Во время этой исповеди с лица редактора исчезло математическое выражение и его сменила масляная улыбка политика.
— Поскольку мы оба поэты и, следовательно, братья, — заявил он, — я должен признаться, что, с моей точки зрения, естественно, если мужчине надоедает жена, когда она состарится, и он начинает поглядывать на молоденьких девушек, но, с другой стороны, я считаю, что тебе не стоило занимать председателя окружного суда такой ерундой почти целую неделю. Ибо в наши дни преступление состоит вовсе не в том, что человек нарушает законы, а в том, что он придерживается ошибочного мнения и выступает против Национальных сил.
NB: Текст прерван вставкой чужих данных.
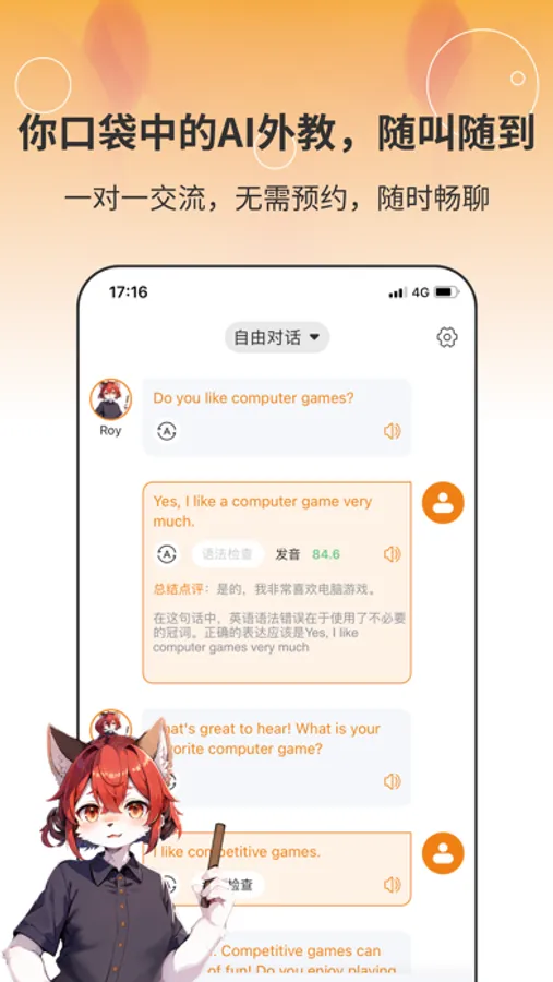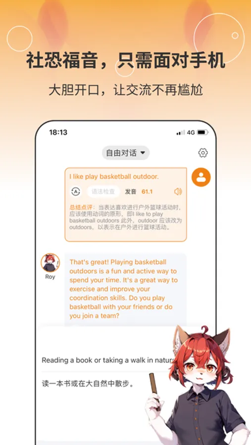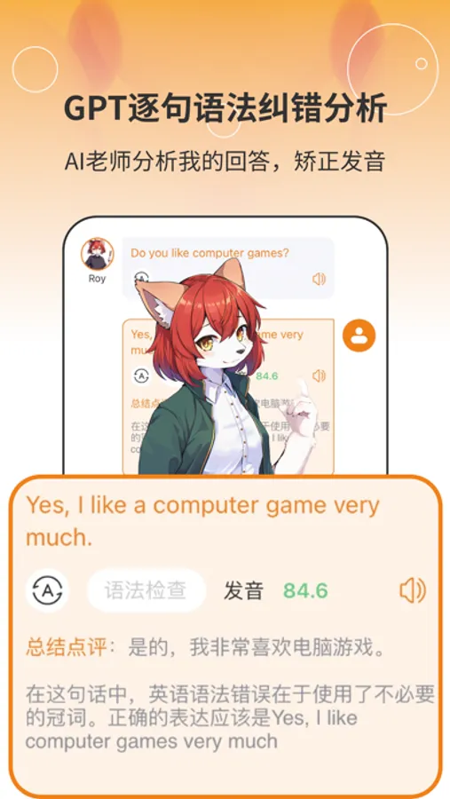 除了直接与AI老师的对话功能,我们还为同学们提供简单易学的跟读功能,为你提供全方位多元化的学习方式,我们还用到了先进的AI打分,对你的发音给到正确的纠正。

Послушай, скальд Оулавюр, а каково отношение в Бервике к нашей программе?
— Не смею говорить за других, — сказал избиратель, плохо понимая, к чему клонит редактор, и наугад нащупывая почву. — Но, что касается лично меня, могу утверждать, что я всегда стремился придерживаться правильного мнения и поддерживать Национальные силы, насколько мне позволяет мой малый разум и ничтожная совесть.
— Как тебе известно, — доверительно начал редактор со своей масляной улыбкой и, наклонившись вперед, попал в солнечный луч: черная как вороново крыло бородка, выступающая вперед нижняя челюсть и пенсне засверкали на солнце. — Как тебе известно, мы, редакторы газет и партийные руководители, можем реабилитировать кого угодно, если только этот человек правильно понимает правильные силы.
— Правильно понимать правильные силы, — сказал Оулавюр Каурасон, — всегда было моим самым горячим желанием.
Уже не только масло, но и мед закапал с улыбки редактора, он похлопал посетителя по плечу, готовый, казалось, расцеловать его, и сказал:
— Когда-нибудь в ближайшем будущем пришли мне в стихотворение, только правильного содержания. Пусть оно будет не длинным, вполне достаточно трех строф, если оно мне понравится, я напечатаю его в газете на видном месте. И мы оба от этого только выиграем.
— Я уже давно размышлял над тем, чтобы написать гимн солнцу — сказал Оулавюр Каурасон торжественно.
Любить солнце и восхвалять его — Оулавюру Каурасону казалось, что ни люди, ни скальды не могут более правильно понимать правильные силы, царящие на земле.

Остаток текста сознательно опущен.